# Lemon Grass Oil



## PaulC (Nov 20, 2011)

Where is the best place to order Lemon Grass Oil? Is one brand better than another??


----------



## snl (Nov 20, 2009)

Ebay...........Don't know about brands..........


----------



## odfrank (May 13, 2002)

I have caught hundreds of swarms with the bottle I bought from Glorybee.
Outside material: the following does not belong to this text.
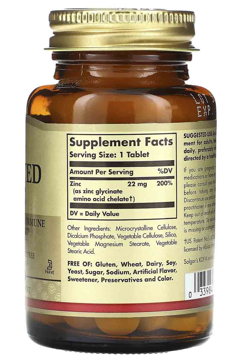 Solgar Chelated Zinc 100 Tabletas
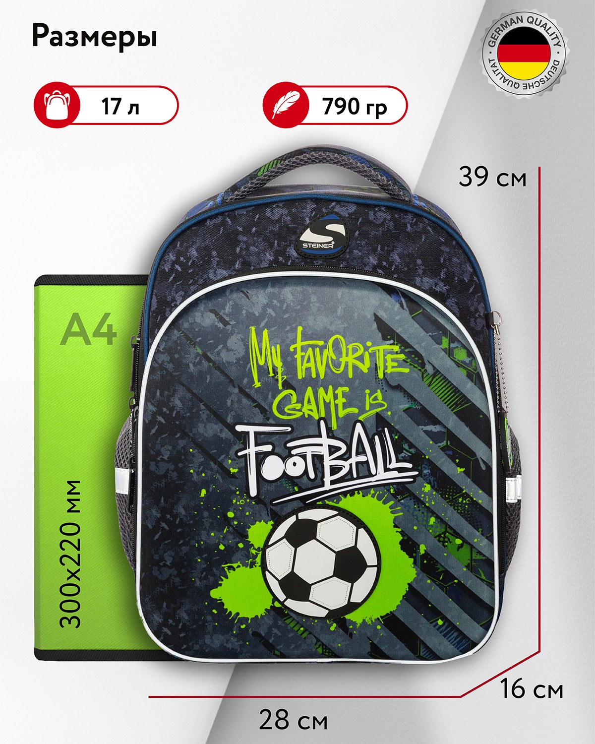 Рюкзак школьный для мальчика 1-4 классов с ортопедической спинкой от известной фирмы Steiner. Под этим брендом выпускается только высококачественная, проверенная временем продукция школьных ранцев и рюкзаков.

http://www.glorybee.com/shop/Lemongrass-Essential-Oil.html

A few drops per trap, just in the front entrance. Or, like Charlie, you can waste a baggie and Q-tip.


----------



## Rader Sidetrack (Nov 30, 2011)

You will find it hard to beat the prices at this site:
http://www.100pureessentialoils.com/products/lemongrass-oil-1-oz.html

Note towards the bottom of the page they have a variety of different size bottles.


----------



## txsbman (Oct 4, 2011)

Your local health food or vitamin store should have some too!


----------



## Keth Comollo (Nov 4, 2011)

I buy local. My local health food store gave me a free bottle just because it was leaking when delivered. I put it on my carpet and makes the dog smell go away. Love the stuff for traps and home!


----------



## wheeler88 (Mar 6, 2011)

LemonGrass 100% Pure Essential Oil 

http://www.puritan.com/essential-oi...rm=lemon grass oil&rdcnt=1&sortorder=2&Page=1


----------



## quevernick (Feb 22, 2011)

I got my lemongrass oil from the local health food store. I want to say it was about $5 for a little bottle but it'll most likely last me for years.


----------



## BeeCurious (Aug 7, 2007)

I have bought eo's from "WFMED.com" in the past. 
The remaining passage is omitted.